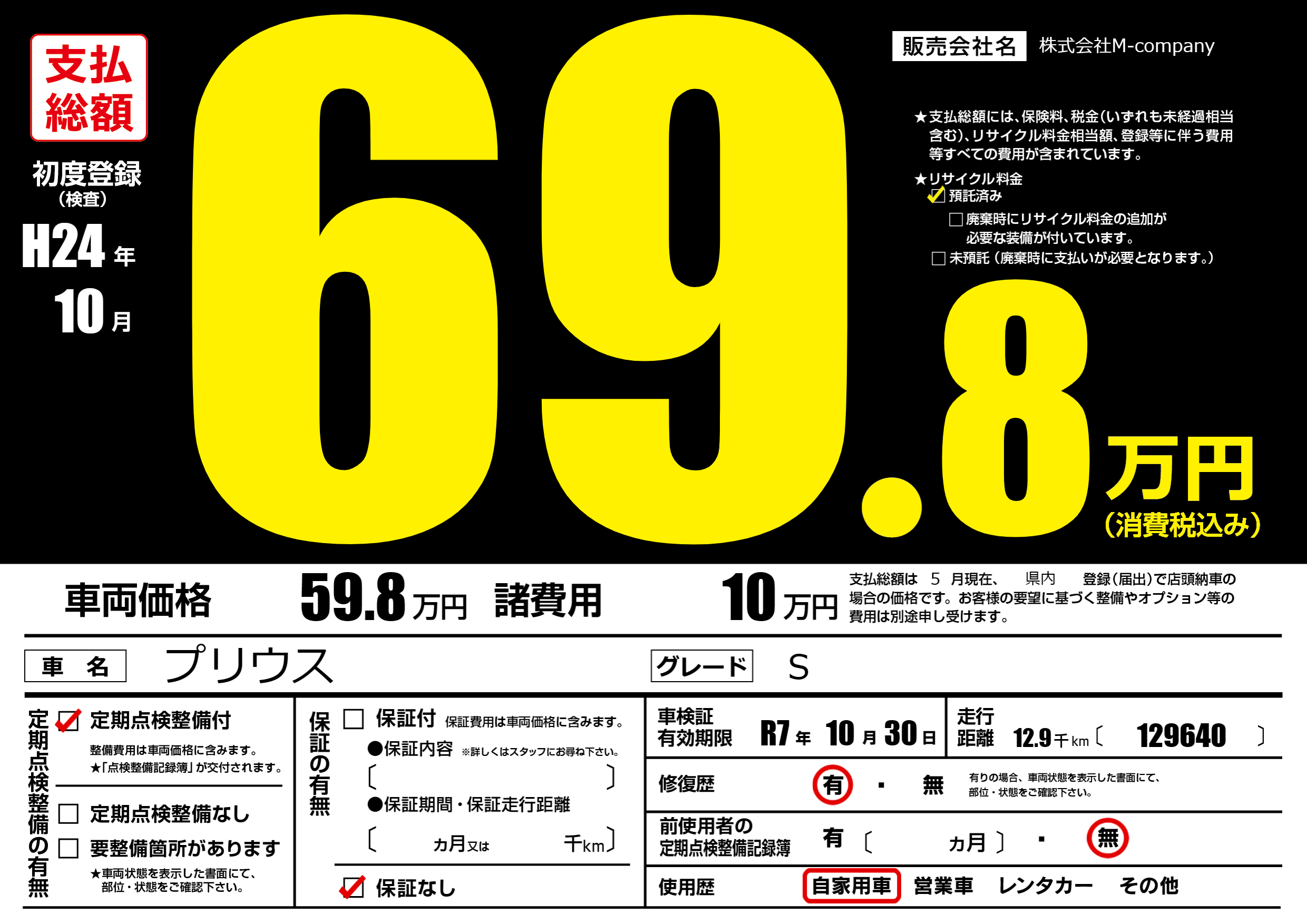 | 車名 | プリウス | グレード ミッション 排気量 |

____

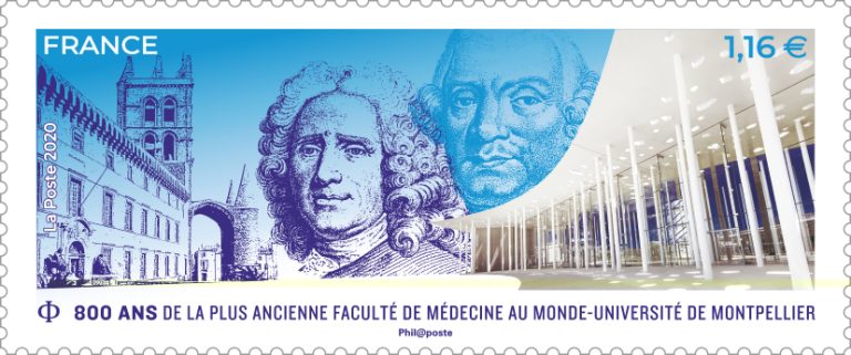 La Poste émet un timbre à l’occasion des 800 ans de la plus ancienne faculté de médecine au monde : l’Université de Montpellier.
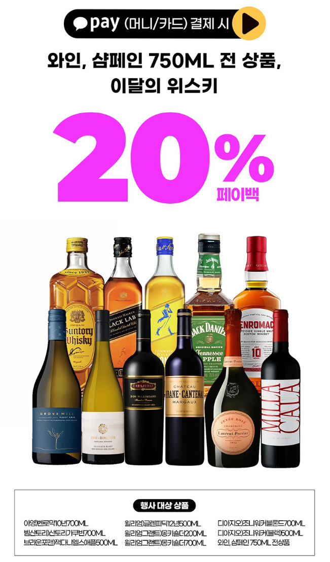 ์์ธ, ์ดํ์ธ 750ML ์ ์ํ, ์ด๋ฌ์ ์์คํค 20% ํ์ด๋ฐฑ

____

**EXERCISE GOAL**.
In the entries above, find the line containing "La Poste émet" and the line containing "750ML ์ ์ํ, ์ด๋ฌ์ ์์คํค 20% ํ์ด๋ฐฑ"; give again exactly those two lines and every line between them, minus the pictures.

**RESPONSE BOX**.
 La Poste émet un timbre à l’occasion des 800 ans de la plus ancienne faculté de médecine au monde : l’Université de Montpellier.
 ์์ธ, ์ดํ์ธ 750ML ์ ์ํ, ์ด๋ฌ์ ์์คํค 20% ํ์ด๋ฐฑ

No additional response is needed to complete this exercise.